そんなヴーヴ・クリコのジャン=マルク・ギャロ(Jean-Marc Gallot)CEOが来日した。太陽のような笑顔で、メゾンの立役者であるマダム・クリコへの思いやお気に入りの飲み方などを語った。

敬愛するマダム・クリコ

WWD:これまで数々のラグジュアリーブランドを渡り歩いてきたとか。

ジャン=マルク・ギャロ ヴーヴ・クリコCEO(以下、ギャロ):これまで「カルティエ(CARTIER)」や「フェラガモ(FERRAGAMO)」「ルイ・ヴィトン(LOUIS VUITTON)」などで要職を歴任してきた。この間に学んだことは、予期もしない夢を与えることが“ラグジュアリー”であること。そして、その夢を形作るのが、クラフツマンシップとサヴォアフェールであることだった。この考えは今も変わっていない。

WWD:「ヴーヴ・クリコ」のクラフツマンシップとサヴォアフェールとは?

ギャロ:私たちは徹底的にピノ・ノワールにこだわる。なぜなら、メゾンの礎を築いたマダム・クリコがこよなく愛したブドウだから。規定を満たすピノ・ノワールが収穫できた年のみ製造している“ラ・グランダム”を飲んでもらえば、「ヴーヴ・クリコ」のクラフツマンシップとサヴォアフェールを体感してもらえるだろう。ちなみに、商品名である“ラ・グランダム”は、仏語で“シャンパーニュ地方の偉大なる女性”を意味する。つまり、マダム・クリコのことだ。

WWD:ギャロCEOにとってマダム・クリコとは?

ギャロ:夫に先立たれ、1805年に「ヴーヴ・クリコ」を引き継いだ。女性の経営者が認められていなかった時代に「未亡人が家業を引き継ぐ」という例外としてスタートした。弱冠27歳の彼女に、家族や友人は「あなたが背負う必要はない」と言っていたらしい。

マダム・クリコは、発明家と呼ぶにふさわしい。例えば、単一年のぶどうから作るビンテージ・シャンパン、赤ぶどうと白ぶどうのブレンドで作るロゼ・シャンパン、これらを澄んだ液体にするための動瓶台など、今ではあたり前となっていることも彼女の発明だった。
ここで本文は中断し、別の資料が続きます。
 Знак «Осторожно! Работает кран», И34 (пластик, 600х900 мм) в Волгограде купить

ある日、ベルナール・アルノーLVMH会長兼CEOから「そろそろアイコンとなるセレブリティーを起用してみては」と話を持ちかけられた。彼は、「ディオール(DIOR)のリアーナ(Rihanna)やジェニファー・ローレンス(Jennifer Lawrence)のような」と例を示した。しかし、私は「アイコンはすでにいる。マダム・クリコだ。これまでもこれからも、『ヴーヴ・クリコ』のアイコンは彼女しかいない」と答えた。世界中を見渡しても女性の名前を冠したブランドは数が限られている。ワイン&スピリッツのカテゴリーだったら「ヴーヴ・クリコ」くらいだろう。私たちは、それを心から誇りに思っている。
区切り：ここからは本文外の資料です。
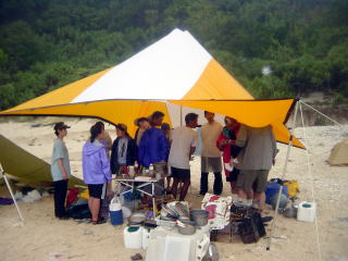 | 今回のツアーは、松さんのおかげで(笑)初日以外はほとんど雨、雨、雨、雨、これでもかと雨!タープの下で工作したりと、それなりに楽しんだツアーでした。 撃沈が続出するなか「沈脱友の会」を結成!ただ単に”沈”してしまったら勝手に入会させられるのである。 会長:まっちゃん、副会長:おっちゃん(まっちゃん&おっとちゃんコンビ) 会員;こば、たむたむ、おしょう、よね、波乗り直道、どさんこスミ、かずさかい、 準会員:たまに止まってしまう辻 の構成!これから会員を募集していきます(笑)。 ツアー終了後、いつもの打ち上げ!これまでにない盛り上がり!58団、アドファミ総勢14人の大宴会!平野さん山寺さん僕らだけ楽しんでごめんね(ウヒヒ〜)。曲のたんびに、カチャーシーと乾杯!周りのお客さんも吸収し「かんぱーーーーーい!」の連続! 踊れるガイド酒井のひきつけ音頭、まみさんの太鼓の乱舞、やまうら&つじのカラオケ占領大作戦!とても恥ずかしくてかけない内容がもり沢山!民謡酒場なのに、なぜか「オーソレミヨー」をアカペラで歌うおじさんいるし、「東京に来たら俺を訪ねろ」と酔いながら何度も叫んでいた!みんな関東から来たということも知らずに。そんなかんだでみんなツアーより疲れて果てていました(笑)。 今回は海でいろんな経験ができ勉強になりました。あのすごいうねりの中来てくれた酒井さん夫婦、平野さん、本当にありがとうございました。これからもっと精進していきます。 sakai |

WWD:そんなマダム・クリコの意思を継ぎ、何かアクションは起こしているのか?

ギャロ:確かに起業する女性は増えている。問題はそのあとだ。起業した際、女性は男性より多くの障壁に当たることが分かっている。例えば、ハイテク業界を見渡したとき、女性が起こした会社の約3%しか融資を受けられていない。まだまだ道半ばというのが本音だ。

そんな女性起業家を支援すべく、私たちは「ボールド ウーマン アワード(旧ヴーヴ・クリコ ビジネス ウーマン アワード)」を開催している。1972年の創設以降、これまでに27カ国400人の女性に授与してきた。

シャンパンは日常をきらめかせてこそ

WWD:ビールやワイン、ウイスキーなど、酒類は世界にはさまざまある。その中で、シャンパンだけが持つ魅力とは?
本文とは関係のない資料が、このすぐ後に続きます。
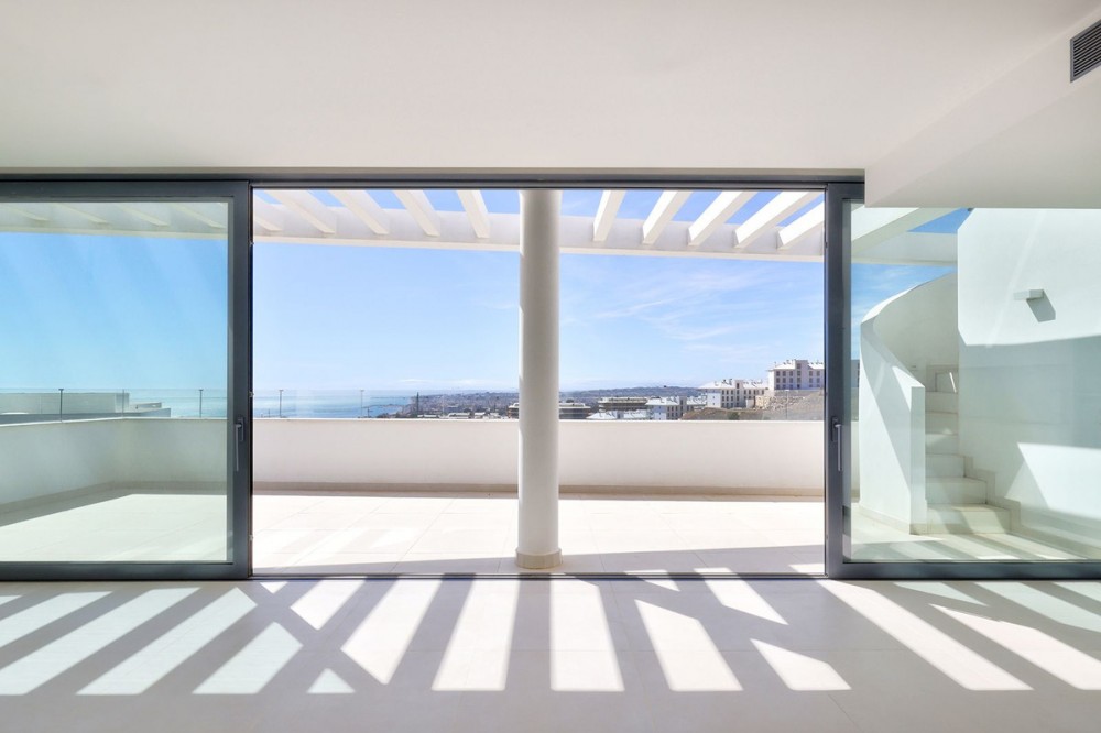 - This magnificent penthouse in El Higuerón offers exclusive design and breathtaking views in a prestigious gated community. The property features three bedrooms, two bathrooms (one ensuite), and a spacious open-plan living room and kitchen. The living room opens to a large sunny terrace which is partially covered that takes you to a rooftop 50.43m2 solarium with panoramic views to the bay with plenty of space to enjoy the best weather in Europe. Surrounded by top-tier amenities, leisure options, and gourmet dining, its prime location enhances the luxury living experience. Residents enjoy first-class facilities, including two infinity pools, a cutting-edge gym, spa, paddle tennis courts, and a private putting green. This exclusive apartment in Higueron west 217 in Fuengirola, is 1.6km from Torreblanca Beach. The property has 2 car parking spaces along with a storage room.

ギャロ:シャンパンはお祝いのシーンはもちろん、何気ない1日にもぴったりのアルコールだ。たとえ何も予定がない1日でも、シャンパンを開ければ特別な1日に生まれ変わる。これはシャンパンだけが使える魔法だ。

「シャンパンをカジュアルなシーンで飲んでほしい」。私たちはそう強く願っている。今年は5月21、22日の2日間にわたり、富士山の麓でピクニックを開催した。このイベントは、日本での開催を皮切りに今後世界の主要都市で開催していく。

WWD:2022年開催の企画展「ヴーヴ・クリコ ソレール カルチャー〜太陽のように輝く250年の軌跡〜(以下、ソレール カルチャー展)」も、日本をキックオフの地に選んだ。

ギャロ:実は、現在の国別の売り上げは、日本と米国がツートップ。私がジョインした頃は、日本は3番手、あるいは4番手だったと記憶している。しかし、この11年間で売り上げは倍増した。これは、アルノー会長の言葉を借りるなら、「デザイアビリティ(Desirability、魅力的であること)」を追求した結果だろう。いずれは「ルイ・ヴィトン」くらいの売り上げも夢じゃない。

加えて、“ソレーユ カルチャー”を持つ「ヴーヴ・クリコ」と“日出ずる国”の別名を持つ日本は、太陽を通してつながっている。このような根源的な共通点があるため、イベントを企画するときも自然にアイデアが浮かんでくる。

WWD:他の国では、どのようなイベントを実施してきた?

ギャロ:昨年、フランス・ランスとオーストリア・ウィーン間を移動する夜行列車・オリエント急行で行ったイベントは、「ヴーヴ・クリコ」ならではの内容だった。列車に乗り、朝5時に起床。パジャマを着たまま下車し、みんなで日の出を見た。その後、同様のイベントを、シンガポールやマレーシア、ペルーでも開催した。ペルーのチチカカ湖で見た日の出は見事だったな。

WWD:最後に、一番美味しいシャンパンの飲み方は?

ギャロ:理由もなく飲むこと。ありふれた1日が特別な日になる。365日中300日はシャンパンを飲む私が言うんだから間違いない。

WWD:ということは、自宅の冷蔵庫には常にシャンパンボトルが?

ギャロ:もちろん。どんなときも2〜3本は冷やしているよ。

WWD:フードは何を合わせるのがおすすめ?

ギャロ:何でも合う。そういえば、米雑誌「ザ・ニューヨーカー(THE NEW YORKER)」に、ハンバーガーとシャンパンボトルを並べ、「アフター・ザ・オペラ」と文言を添えた広告を載せたこともあったな。「オペラを鑑賞した後、ハンバーガーを片手に日常に戻る。その日常に『ヴーヴ・クリコ』がきらめきを添える」。まさにメゾンが伝えたいメッセージだ。